Am 7. Januar 2008 startete das Mammographie-Screening in der Region Sachsen-Anhalt Nord. Sie umfasst Region Nordgeographisch gesehen die bis zum 30.06.2007 bestehenden Landkreise Stendal, Altmarkkreis Salzwedel, Ohrekreis und Jerichower Land.
Umfangreiche personelle und materielle Voraussetzungen wurden geschaffen, um den Anforderungen des anspruchsvollen Screeningprogramms gerecht zu werden. Erfahrene Radiologen, Gynäkologen und Röntgenassistentinnen wurden zur Durchführung der Screeningmammographie ausgebildet. Im Dezember 2007 wurde die Screeningeinheit Sachsen-Anhalt Nord durch die Kooperationsgemeinschaft Mammographie zertifiziert. Die Zertifizierung garantiert höchste Kompetenz in der Durchführung der Früherkennungsuntersuchung.

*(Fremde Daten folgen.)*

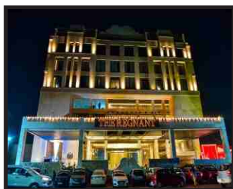
Hotel The Regnant Nirala Nagar, Lucknow
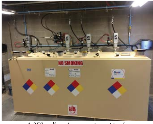
1,250 gallon, 4 compartment tank.
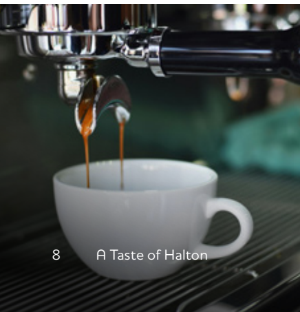
8 A Taste of Halton

For a special treat, book a Heritage Afternoon Tea, served in the glass-walled Observatory Gallery, with stunning views over the surrounding
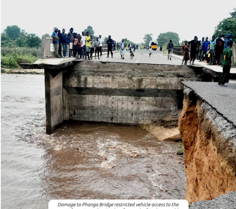
Damage to Phanga Bridge restricted vehicle access to the town of Nsanje, Malawi in the aftermath of Cyclone Freddy.

The legally binding 2015 Paris Agreement is of particular significance because it underpins the NCQG. Articles 2 and 9 of the Paris Agreement set out the core role of finance in driving climate action and create an obligation for developed countries to provide financial resources to developing countries. If countries are to interpret their treaty commitments in good faith, this obligation cannot be ignored. Indeed, as the second IHLEG report on climate finance put it: "Failure to generate investment and finance of the scale and nature required is to fail on Paris. The consequences would be devastating, particularly for the poorest people. Seizing the opportunity would unlock the growth story of the 21st century" (Bhattacharya et al., 2023).

Die Screeninguntersuchungen werden zunächst im Hufelandhaus, Wendstraße 30 in Stendal erbracht. Der Programmverantwortliche Arzt ist Herr Dr. med. Dieter Denck, Facharzt für Frauenheilkunde und Geburtshilfe. Um eine möglichst wohnortnahe Diagnostik zu ermöglichen und den Zugang zur kostenfreien Früherkennungsuntersuchung zu gewährleisten, wird ab Ende März 2008 das Mamma-Mobil eingesetzt. Dies ist eine fahrende Mammographie-Einheit, die volldigital ausgestatteten ist. Es wird in den Städten und Gemeinden der Region Sachsen-Anhalt Nord stationiert, beginnend mit Haldensleben.

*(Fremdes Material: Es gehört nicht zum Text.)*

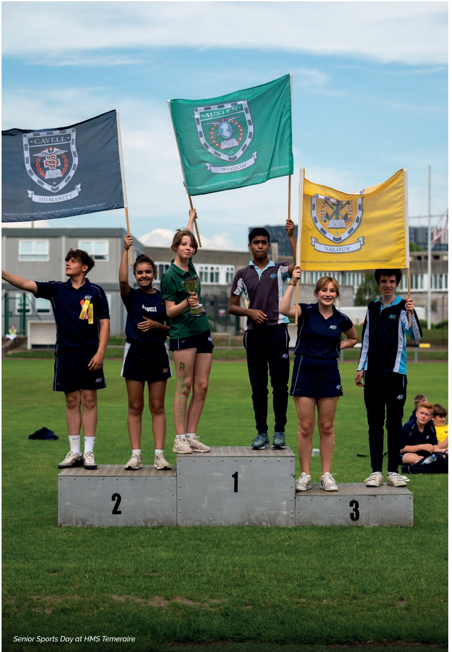
Senior Sports Day at HMS Temeraire

In der Mammographie-Einheit in Stendal und später auch auf dem Mamma-Mobil werden Sie von erfahrenen Radiologisch-Technischen Assistentinnen (von links nach rechts: Frau Hildegard Lange, Frau Andrea Scharf, Frau Cathleen Spopper, Frau Martina Wykarius und Frau Ellen Düngel) betreut.
Die Räumlichkeiten in Stendal wurden mit modernster digitaler Röntgentechnik ausgestattet, die ein Maximum an diagnostischer Bildqualität bei einem Minimum an Strahlenbelastung garantiert. Gemeinsam mit drei weiteren Radiologinnen und Radiologen werden alle Aufnahmen zwei mal beurteilt.

Durch die digitale Technik ist eine fast zeitgleiche Beurteilung sowohl in Stendal als auch in der kooperierenden radiologischen Gemeinschaftspraxis DM R. Aisch, Dr. H. Lindekamm in Haldensleben möglich.

Bei einem auffälligen Befund werden die Untersuchungsergebnisse vor Ort gemeinsam besprochen. Im Falle einer Verdachtsdiagnose wird die erforderliche Abklärung im Rahmen des Früherkennungsprogramms durch den Programmverantwortlichen Arzt, Dr. D. Denck, in Stendal eingeleitet.

Weitere kooperierende Kolleginnen und Kollegen sind Frau Dr. Lüders und Herrn Dr. Schultz aus der pathologischen Praxis Stendal, und die Operateure des zertifizierten Brustzentrums Altmark, des Johanniter-Krankenhauses Stendal-Genthin und des Altmarkklinikums Salzwedel.